É por essas e outras que não acho que o Surface seja algo para estimular os parceiros OEM, como os smartphones Nexus são para o Android. O Surface é uma banana para os parceiros OEM. Acabou a paciência em Redmond, é hora de arregaçar as mangas e jogar sério. Controle total, hardware e software feitos um para o outro, foco total no consumidor. Aos parceiros? Paciência. O preço elevado da licença do Windows RT talvez seja, aliás, um tapa com luva de pelica na cara deles.
No papel o Surface é lindo e original. Ele já larga com vantagem por ter o Windows 8 em seu habitat natural: um tablet. Com mouse e teclado o sistema é um desastre, com os dedos e o auxílio de um teclado, a coisa muda de figura. É bem, bem promissor.
A Microsoft não ficou só no arroz com feijão e trouxe alguns truques bem bacanas, como o suporte para mesa embutido e a capa que atua como teclado. Área de trabalho legada é um disparate, teclado integrado de forma harmônica a um tablet? Agora sim estamos falando em convergência.

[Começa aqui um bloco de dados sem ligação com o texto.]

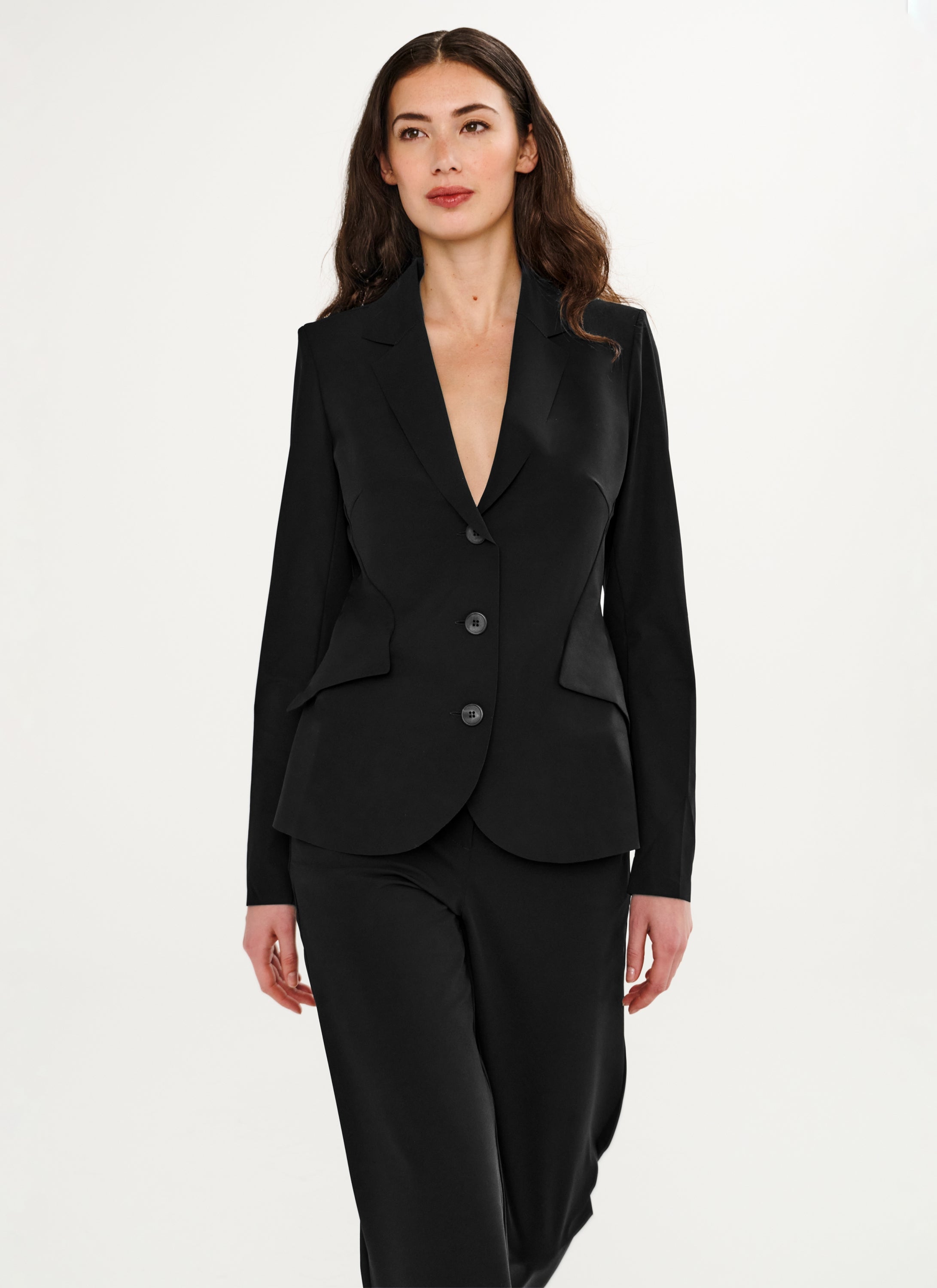 Add the tailored blazer Danno to your wardrobe. Made from easy-care, wrinkle-free travel jersey, it features a double-layered front panel and diagonal seams with slit pockets, creating a streamlined silhouette that flatters your figure.

Apesar da empolgação com o Surface (alguém aí não ficou?), é preciso cautela. Alguns pontos-chave foram deixados no ar e eles não são pontos-chave à toa. Qual o preço? Qual a autonomia da bateria? Como é esse teclado/capinha? Por que temos que esperar quatro e sete meses para vermos e comprarmos esses tablets?
O atraso no início da apresentação de ontem fez emergir algo que deve incomodar a Microsoft, mas que é a dura realidade: a Apple nos acostumou mal. Seus eventos são pontuais, seus lançamentos estão nas lojas, quando muito, um mês depois de anunciados — no geral dá para comprar/encomendar no mesmo dia. Qualquer coisa pior que isso gera desconfiança.

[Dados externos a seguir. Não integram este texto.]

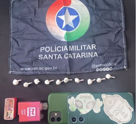 Segundo a PM, durante a revista, foi encontrada uma quantidade de 10 porções de cocaína escondida dentro de um cigarro eletrônico com o homem.

Se a autonomia for ruim, esqueça. Tablets são feitos para durar bastante, para ficarem dias longe da tomada. Se o preço for alto, as coisas complicam. Se o teclado-capinha, que a Microsoft não deixou ninguém usar ontem no evento, for ruim, um dos pontos mais fascinantes do Surface perderá seu valor totalmente. Há muitas interrogações ainda e isso nunca é algo bom.

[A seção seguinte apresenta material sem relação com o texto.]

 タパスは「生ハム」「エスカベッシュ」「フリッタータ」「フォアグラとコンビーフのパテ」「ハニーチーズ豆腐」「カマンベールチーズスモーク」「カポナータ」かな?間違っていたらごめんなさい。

A Microsoft diz que o Surface com Windows RT/ARM custará o mesmo que um tablet premium e o com Windows 8 Pro/Intel, o preço de um ultrabook. Numa média aproximada e sem muito rigor científico, o primeiro a US$ 600, o segundo a US$ 1.200.
É meio caro. Coloque da seguinte forma: se te dessem US$ 1.200, você compraria um tablet ou um ultrabook/MacBook Air? Entendo que a ideia da Microsoft é apagar a linha que separa as duas categorias, mas é complicado enfiar isso na cabeça das pessoas. Na minha, inclusive. Na do Tim Cook, também — o lance da geladeira e torradeira. Estamos presenciando mais do que um embate entre Microsoft e Apple; estamos testemunhando a primeira batalha entre duas filosofias que lutam para definir a computação pessoal dos próximos anos. Tudo junto e misturado (Windows 8 ) ou cada um na sua trocando experiências onde for possível (iOS/OS X)?
O Surface e o Windows 8 são bem-vindos. O Android falhou nos tablets e não há sinais de que esse quadro vá mudar a curto ou médio prazo, e deixar o iPad sozinho é ruim para todo mundo. A Microsoft tem um bom histórico em hardware — Xbox, seus “mouses” e teclados sensacionais e até o Zune, que apesar de ter falhado comercialmente, era um gadget sensacional. Tem tudo, enfim, para emplacar. Mas no fim das contas o sucesso ou o fracasso do Surface está nas mãos do usuário. Está nas nossas mãos.